# PPG SRAIGHT CUT GEARS FOR O2A/O2J!!!!!!!



## 1HIWAYKILLER (Mar 30, 2009)

WHO'S DOWN?? I talked with one of my buds today about getting something done for the O2A/O2j tranny's. He says he can make it happen, we just have to get 10 people that are for sure down to get one and like magic,,,,they will appear!!! I know I'm in for sure and the price won't be out of this world(prob $2-4000) for each set. I know these trannys are for real and I can assure you they will be better than the APTuning POS!!! Let me know what you guys think so I can get on the ball!!! I was shooting for the syncro setup so that we can enjoy it on the street and at the track, but I'm also down for a dog box if that's what everyone else wants to do. I've seen the PPG gear sets and they look very nice as well as very strong. Let me know who's down asap so we can get this rollin. Later, Jeremy


----------



## 1HIWAYKILLER (Mar 30, 2009)

*Re: PPG SRAIGHT CUT GEARS FOR O2A/O2J!!!!!!! (1HIWAYKILLER)*

[email protected] spoke with them today and they said $3k for a 1st-4th straight cut set with syncros with a min. order of 5!!
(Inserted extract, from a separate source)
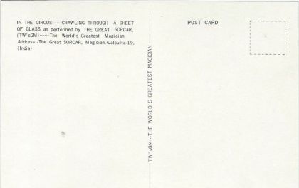 This is a lot of 4 vintage (new, NOS, New Old Stock) post cards featuring The GREAT Socar magician from Calcutta, India. 2 of them are identical. GREAT condition...These have been stored in a picture album for many many years! These thing were sent to Jerry in an envelope of promotional things from Socar back in the 60's.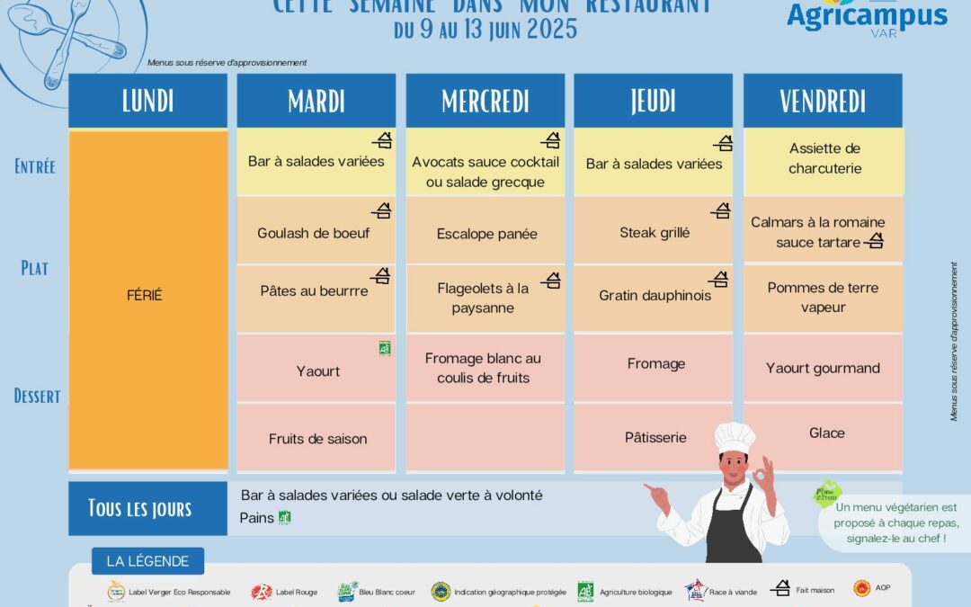 Menu hyeres 9 au 15 Juin 10 juin 2025 Poster le commentaire Annuler la réponseVotre adresse e-mail ne sera pas publiée. Les champs obligatoires sont indiqués avec *Commentaire * Nom * E-mail * Site web

$1300 more gets the R&P! If you guys would rather do a dog, then I'm down for that as well but we all know the price goes up. I can have Tony find out about that tomorro if you guys want. The sqs stuff just dosen't impress me that much from looking at the stuff on the web and the feedback the I have heard through the forums. I just know that PPG is a solid co. and they appear to have there **** together and having a co. like this make a tranny for our style setup is pretty hard to find these days(especially at a 5 unit min.). You guys just let me know what you think about this b'cuz i'm ready to get one.....or two if I have to!!!Later


----------



## canadacraig (Nov 23, 2004)

how about some of this stuff for the 02M in the golf IV R32? i'm sure some of the guys in that forum would be interested. try posting over there. definitely sounds like the dog engagement could be flippin awesome with a R&P. man can you say track weapon? drooolll


----------



## speed51133! (Aug 5, 2002)

*Re: (canadacraig)*

whats wrong with the straight cut gears already sold by AP tuning?


----------